12 feb 2010

Soñar a la abuela

La abuela cumplió años ayer y no pude -o más bien, no quise- llamarle. Me dan miedo las cosas que siento cada vez que intento comunicarme con ella y no puedo. Es un dolor que no es fácil de describir y del cual tampoco me gusta hablar mucho. Por lo general, tras esas llamadas o visitas frustradas me queda siempre la sensación de una profunda injusticia. También de impotencia, porque siento que no puedo hacer nada para que ella se sienta mejor, para que su situación sea más llevadera.
Claro que esto no sucede siempre; a veces intercambiamos una frase o nos sostenemos la mirada. Hace unas semanas me pidió que la tomara de la mano y cuando se la di la apretó fuerte, como si con eso gesto quisiera decirme todo lo que desde hace tiempo hemos callado.
El caso es que ayer, día de su cumpleaños, no le quise llamar. Me fui a la cama sintiéndome un poco triste y culpable.
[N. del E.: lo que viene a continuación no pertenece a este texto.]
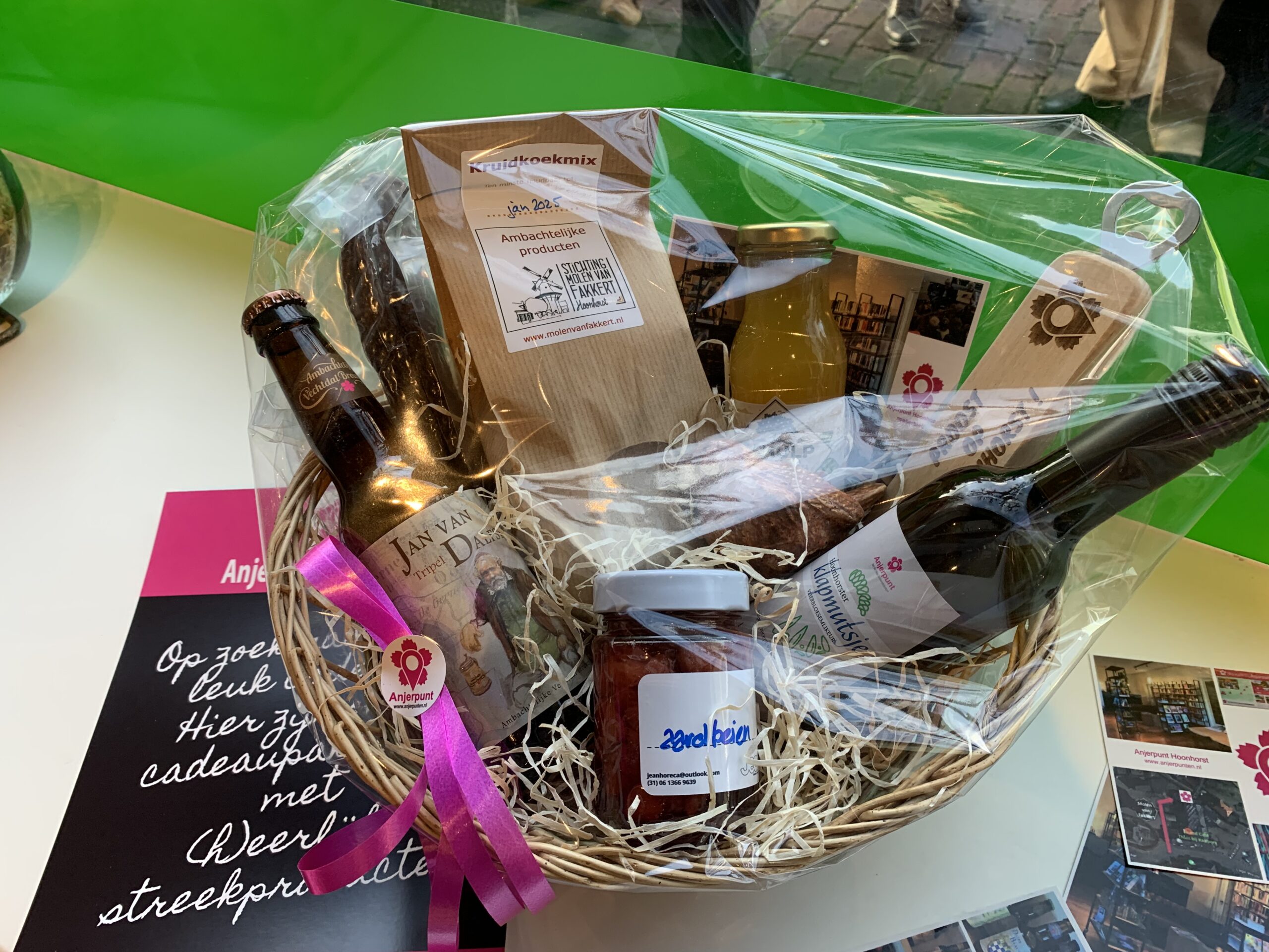 De Noabers van Anjerpunt Hoonhorst stellen verschillende cadeaumandjes samen. U kunt ook zelf artikelen bij elkaar zoeken die dan als cadeau verpakt worden. In de Pantry liggen een aantal cadeaumanden als voorbeeld.

Luego, soñé con ella.
En el sueño también era día de su cumpleaños y yo llegaba a visitarla a su casa. Para mi sorpresa la veía bajar las escaleras para recibirme. Le daba un beso, la abrazaba, y luego le preguntaba cómo estaba. Entonces ella comenzaba a quejarse. Sus enfermedades, sus dolores, la columna, el cuello. Sus males de toda la vida. Cuando entramos a la cocina le dije que comprendía que se sintiera mal, pero que era día de su cumpleaños y que tenía que estar contenta por eso. Y ella asintió, aunque supongo que no muy convencida porque siguió lamentándose. Y a mí me daba gusto y ternura escucharla porque era evidente que el desahogo le hacía bien. Lo último que recuerdo del sueño es que le di un abrazo y le dije lo mucho que la quería. Mi abuela se quedaba callada, sin decir nada, y yo sabía en ese momento, que aunque no pronunciara palabra alguna, ella me estaba entendiendo.
Hoy desperté con ganas de ir a verla y contarle mi sueño. Decirle que la quiero, que la extraño, que me hace mucha falta y que me parece injusto todo lo que le está sucediendo. Hablar con ella, con el verdadero lenguaje con el que -ahora sé- nos hemos entendido siempre: con las palabras, con las miradas, con los gestos, con nuestras manos entrelazadas, o incluso, con esos largos silencios que pueblan ahora cada uno de nuestros encuentros.